N.Y. appellate court strikes down prior restraint on Lifetime docudrama
A New York appellate court struck down on Thursday a trial judge’s order forbidding Lifetime Entertainment Services from airing a drama based on a 2004 murder case. Lifetime had already aired the program last year after the court stayed the restraint pending resolution of the appeal.
Christopher Porco, convicted of murdering his father and attempting to murder his mother while they slept in their home, filed a pro se law suit from a New York prison to stop Lifetime from airing “Romeo Killer: The Christopher Porco Story." Porco, who is serving 46 years to life, had claimed that the movie was an unauthorized and fictional account and that use of his name violated civil rights law, the Times Union, in Albany, reported.

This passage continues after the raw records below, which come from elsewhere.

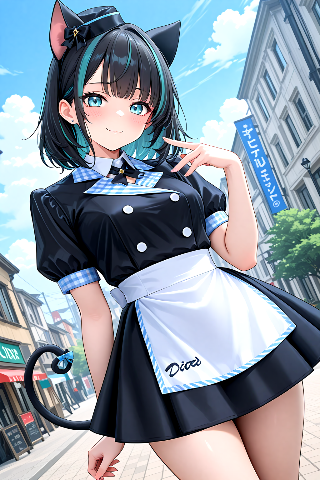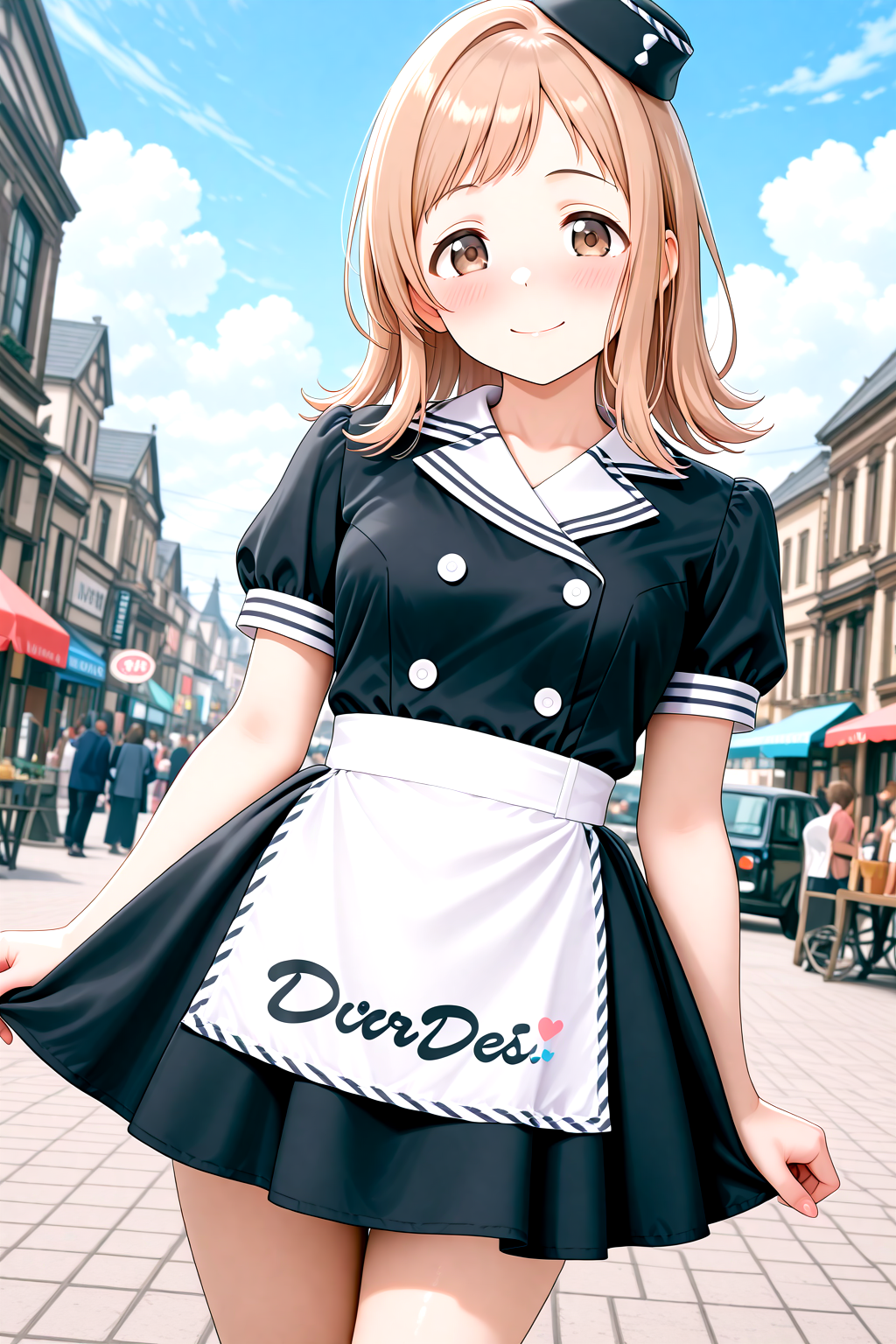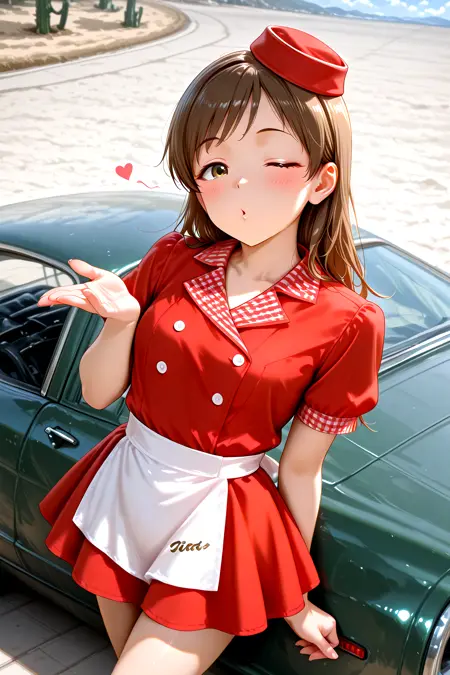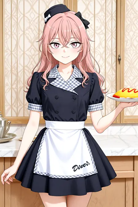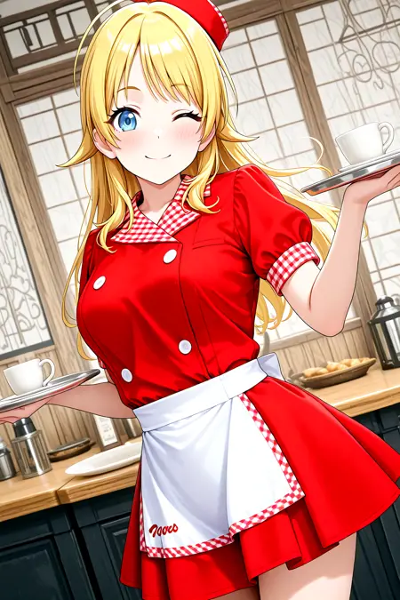 Wait1ress_Outfit, dress, short dress, headwear, puffy short sleeves, waitress, waist apron, white apron, white socks, shoes
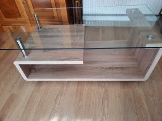 Mesa de centro elevable de alta calidad, muy robusta y funcional, ideal para salón. Longitud: 110cm altura 45cm altura desplegada: 59cm -Tapa elevable, perfecta para comer, trabajar con el portátil o usar como mesa auxiliar -Acabado en madera oscura (wengué) con cristales blancos integrados -Amplio espacio de almacenaje interior + estante inferior -Diseño moderno y elegante, combina con sofás claros u oscuros -Muy estable y resistente En muy buen estado, solo presenta leves marcas normales del uso. Se vende por reforma de la vivienda. ( se venden todos los muebles de la casa)
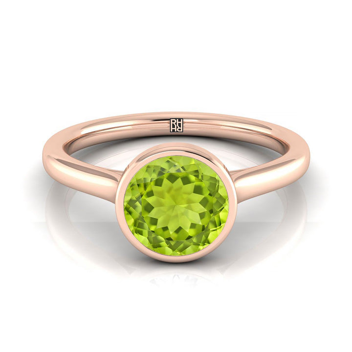 14K Rose Gold Round Brilliant Peridot Simple Bezel Solitaire Engagement Ring
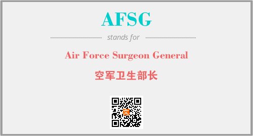 上述内容是“Air Force Surgeon General”作为“AFSG”的缩写,解释为“空军卫生部长”时的信息,以及英文缩略词AFSG所代表的英文单词,其对应的中文拼音、详细解释以及在英文中的流行度和相关分类、应用领域及应用示例等。
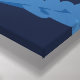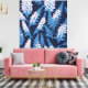 Gerahmte Wandkunst mit blauen und weißen Blume auf dunklem Hintergrund.
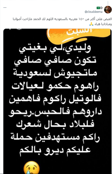 قامت الجهات المختصة في السعودية بإلقاء القبض على 150 مغربية🇲🇦 بتهم مختلفة أهمها #الدعارة #الشعوذة #تجارة_المخذرات#ترحيل_المغربيات_مطلب#ترحيل_المغربيات_مطلب2
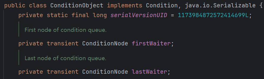 ConditionObject 是 Condition 的默认实现,内部维护条件队列的头尾节点(firstWaiter 和lastWaiter)
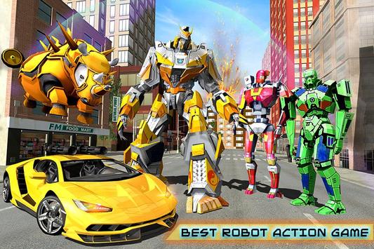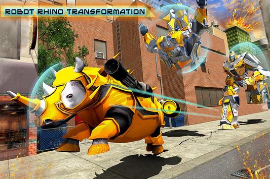 Engaging game play with rhino fight against super hero bots from robot transform games
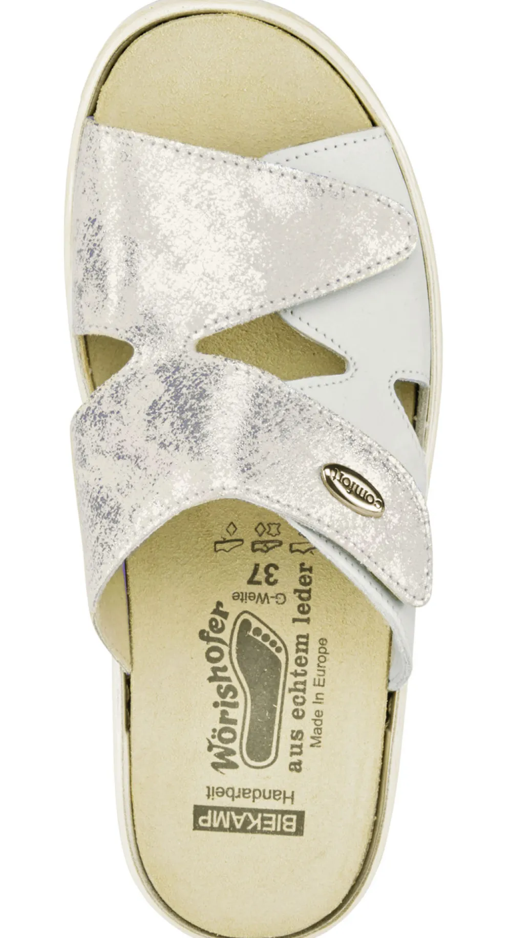 ELENA EDEN Pantolette mit Wörishofer Kork-Lederfußbett in Ecru und in Größe 40.
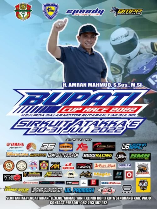 MEDIABAHANA.COM, WAJO — Bupati Cup Road Race 2022 Kejuaraan Daerah (Kejurda) Balap Motor Putaran 1 Ikatan Motor Indonesia (IMI) Sulawesi Selatan bakal digelar di Sirkuit Atakkae, Sabtu – Minggu, 29-30 Juli 2022 mendatang.
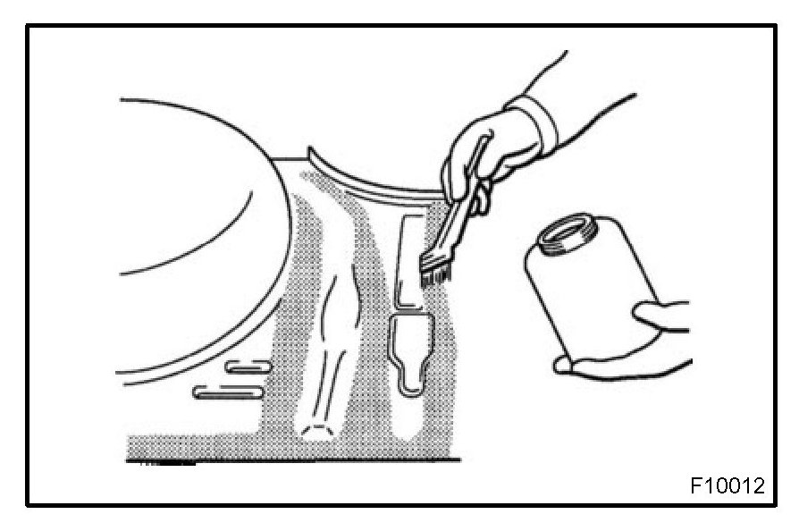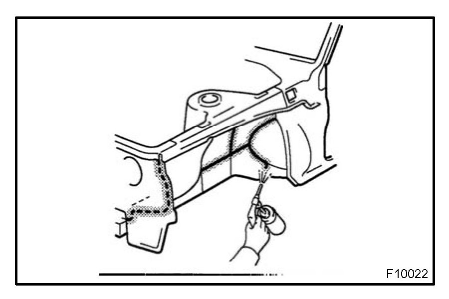 1. To prevent corrosion and protect the body from damage by flying stones, etc., apply anti-chipping paint to the rocker panel, wheel arch areas, valance panel, etc.
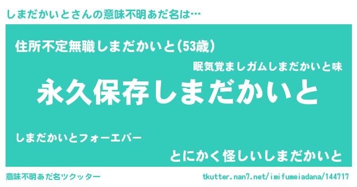 | 胡散臭い通販商品みたいなあだ名 | 『来世でも幸せになれる健康食品…その名も「しまだかいと」』 |
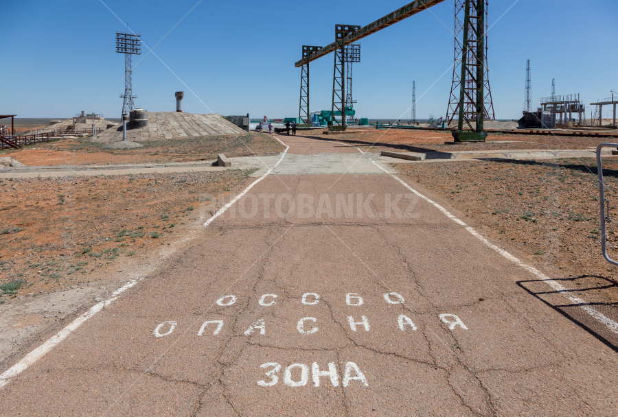 The launch pad of the Zenit-M rocket (now the Baiterek launch complex) at the Baikonur Cosmodrome. Sign "Particularly dangerous area"
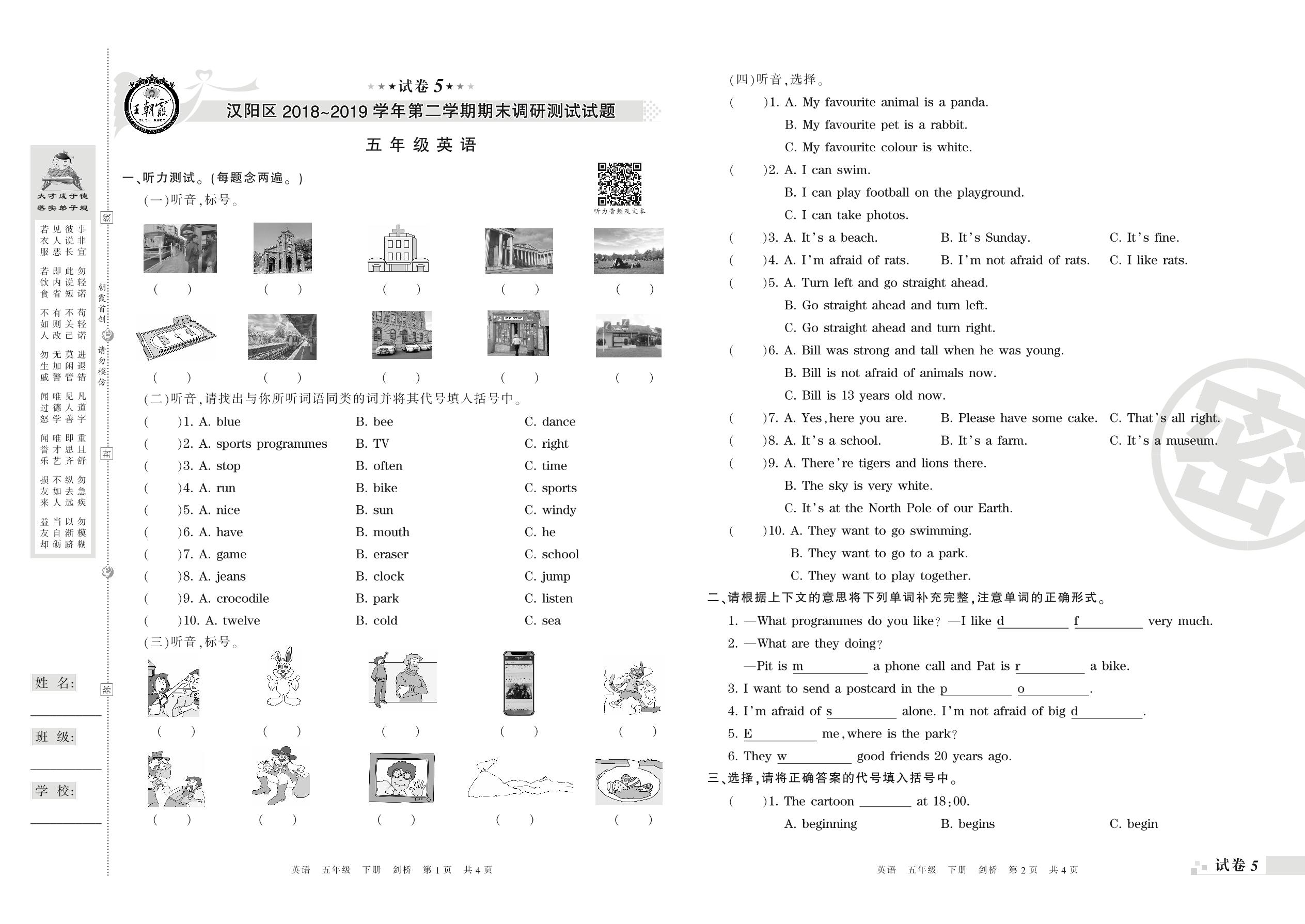 2018-2019学年第二学期武汉市汉阳区五年级英语试卷(剑桥版)【5】
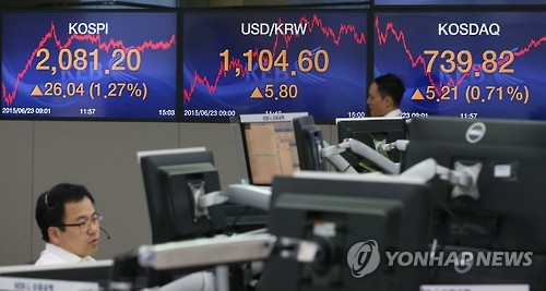 | △ 코스피·코스닥 동반상승 (서울=연합뉴스) 임헌정 기자 = 코스피가 기관의 매수에 힘입어 전날보다 26.04포인트(+1.27%) 오른 2,081.20에 장을 마친 23일 서울 중구 을지로 외환은행 본점 딜링룸에서 직원들이 업무를 하고 있다. 이날 코스닥은 전날보다 5.21(+0.71%) 오른 739.82에 장을 마감했다. |

The Supreme Court Appellate Division court found that a trial judge’s acceptance of Porco’s argument was an unconstitutional prior restraint on speech. Justice Karen Peters wrote in Porco v. Lifetime Entertainment Services that the film was of public interest, and that Porco failed to show “immediate and irreparable public harm” that would require censorship.
“Its broadcast would not create the type of imminent and irreversible injury to the public that would warrant the extraordinary remedy of prior restraint,” Peters wrote.
She added that even if parts of the film are fictionalized, that factor would not provide sufficient basis for banning it.
A trial court in Clinton County, N.Y. had granted a temporary restraining order to Porco in March 2013, but Lifetime got an emergency stay so the movie aired as scheduled last year, the New York Law Journal reported.